Lantern has presented these platforms at scientific meetings, including the AI for Biology and Medicine symposium, and describes them as commercially deployed or production-ready resources for biopharma partners and research collaborators. The company has indicated that select RADR® modules may be made available as open-access or partner-access tools, supporting external drug discovery, biomarker research, and clinical development projects.
Global AI Center of Excellence and Expansion of RADR®
Lantern Pharma has announced plans to establish an AI Center of Excellence and Advanced Agentic Labs in Bengaluru, India. According to the company, this center is intended to serve as a global scale-up hub for its AI platform, focusing on large-scale data engineering, development of machine learning-ready disease models, and integration with global biopharma customers and partners. The initiative is described as a phased deployment aimed at industrializing Lantern’s AI capabilities in oncology and expanding RADR® applications into additional disease areas such as inflammation, immunology, and neurodegenerative diseases through collaborations with biopharma partners.
The Bengaluru center is expected to support multi-agent AI systems for oncology, including modules for data aggregation, predictive modeling, biomarker discovery, clinical trial optimization, and molecular optimization.

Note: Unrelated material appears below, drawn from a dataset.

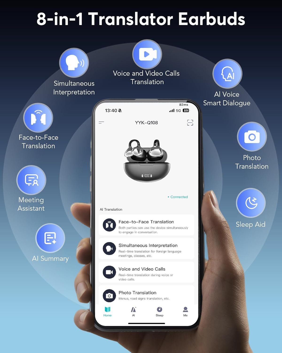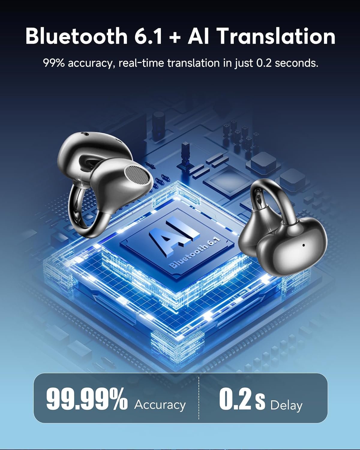 👍Newly upgraded Bluetooth 6.1: Q108 clip-on earbuds feature the most advanced Bluetooth 6.1 technology, allowing you to immerse yourself in lightning-fast data transmission speeds and a stable connection. With 99.99% translation accuracy and just 0.2 seconds of latency, they deliver a seamless experience.With clever automatic power-on and connection features, you can enjoy a smooth, low-latency audio experience from the moment you take the earbuds out of the charging case.AI translation provides you with a better user experience.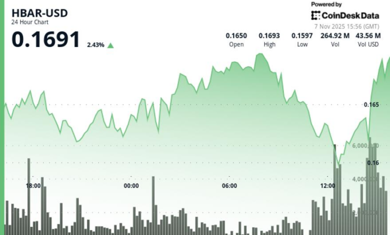 HBAR trades in volatile range-bound action during the 24-hour period ending Nov. 7, dropping from $0.1672 to $0.1634 for a 2.3% decline.

Lantern also notes that the center will contribute to the development of specialized large language models (LLMs) and large quantitative models (LQMs) for molecular assessment, optimization, and de novo candidate generation, as well as integration of under-represented patient populations and real-world clinical data into its AI frameworks.
Regulatory and Corporate Profile
Lantern Pharma Inc. is incorporated in Delaware and its common stock trades on the Nasdaq Capital Market under the symbol LTRN. The company describes itself as an emerging growth company under applicable U.S. securities regulations. SEC filings indicate that Lantern holds annual stockholder meetings, maintains an equity incentive plan, and uses at-the-market (ATM) offerings as one mechanism for raising capital. The company has also amended its bylaws to adjust quorum requirements for stockholder meetings and has reported on board appointments and governance matters in its current reports on Form 8-K and proxy statements.
Through its combination of AI-enabled platforms, clinical-stage oncology programs, and collaborations with academic and biopharma partners, Lantern Pharma positions itself as an AI-driven oncology company focused on precision medicine and data-guided therapeutic development. Investors and researchers reviewing LTRN typically examine the progress of its clinical trials, the performance and adoption of its RADR®-based AI modules, its regulatory designations, and its partnership activities with pharmaceutical companies and research institutions.